Okuku is repairing a fishing net that is spread across the grass outside his house. He removes twigs and sea plants that are entangled in it and sews gaping holes in the net.
Five boys, aged between five and eight are watching him while playing nearby. One is holding the thread for Okuku. He dwarfs them like a colossus.
“Hey! Watch the goats lest they stray into the garden.” The boy holding the thread tells the other boys.
He looks at Okuku for support as the other boys ignore him and refuse to comply. But Okuku goes on working on the net, his eyes and muscular hands move quickly in concert. His muscular arms move like a machine, flinging debris and mending tears. He removes a small eel from the net and flings it away.
“A snake! A snake!” The boys shriek and jump in mock terror. Okuku’s eyes shift to them momentarily. He doesn’t shift his bulk as they run to hide behind his tree-trunk legs, away from the eel.

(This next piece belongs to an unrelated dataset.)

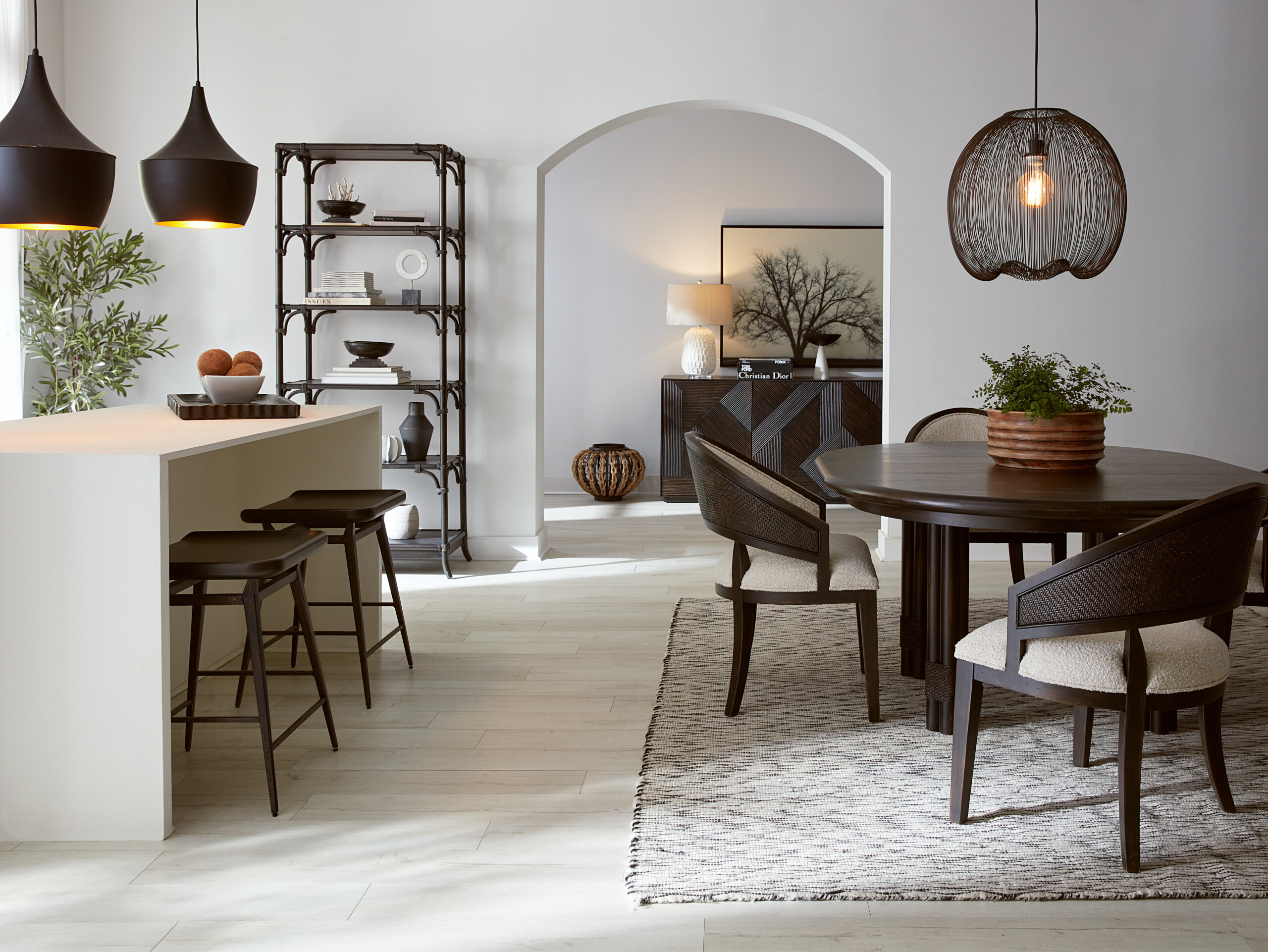 Retreat is crafted with flat cut cathedral oak veneers and is characterized by two distinct finishes. Each finish is transparent by design to showcase the unique grain patterns of the veneer. Dune is light as sand and smooth as a shore after a receding tide. The second finish, Black Sand was inspired by the black silk sands found on the shorelines of exotic beaches of Maui and Tahiti. Inspired by serene, tropical resort destinations that offer an escape from the pressures of modern life, Retreat is designed to help consumers replicate these peaceful and tranquil environments within their home. The collection can be curated in two distinct personalities: Island Oasis and Modern Zen. Island Oasis intermingles both finishes, creating a tropical retreat-inspired vibe accentuated with organic details such as rope, cane, travertine and woven accents. Highlights include a dramatic pole-cane inspired poster bed, island influenced dining pieces and several upholstered accent pieces using printed and woven textiles and soft sage-toned leather. A few pops of accent finishes called Seagrass and Lagoon can be found on select pieces, enhancing the tropical mood of the collection. Modern Zen delivers a tranquil personality with a contemporary twist that showcases the Dune finish, which is enhanced with accent items in Black Sand. Several pieces incorporate woven cane, dramatic split bamboo-inspired accents as well as Travertine stone. Highlights include a woven cane panel bed with clean modern lines and a variety of case pieces featuring geometric patterns and spa-inspired accents. Upholstered stationary and accent seating – available in sage and caramel tone leathers – complete the Zen narrative. Adding the finishing touch, the collection’s hardware is custom designed to match each personality. Look for reed-inspired designs in Island Oasis and gently textured designs in Modern Zen. Both hardware options are featured in a soft pewter plated finish.

“It is not a not a snake. It is an eel.” Okuku says without pausing.
“Okuku, is it true that there are big snakes in the lake?” the boy holding the thread asks, squinting up at Okuku.
“No, they are few and are harmless if you do not provoke them.” Okuku says reassuringly.
“Is it true that when snakes bite someone in the lake, the victim grows scales?” another boy asks.
Okuku pauses and faces them. “Snakes avoid biting people and only do so in defense or if they are sent by a charmer to attack someone.”
“A snake charmer?” They chorus.
“A snake charmer must wear a necklace of the snakes’ skin to keep the snake under his spell.”
He sticks the threading needle on a float and picks a tendril which he wraps round his neck to illustrate the way a wizard wears the snakeskin. They look at him incredulously as if the tendril were an actual snake.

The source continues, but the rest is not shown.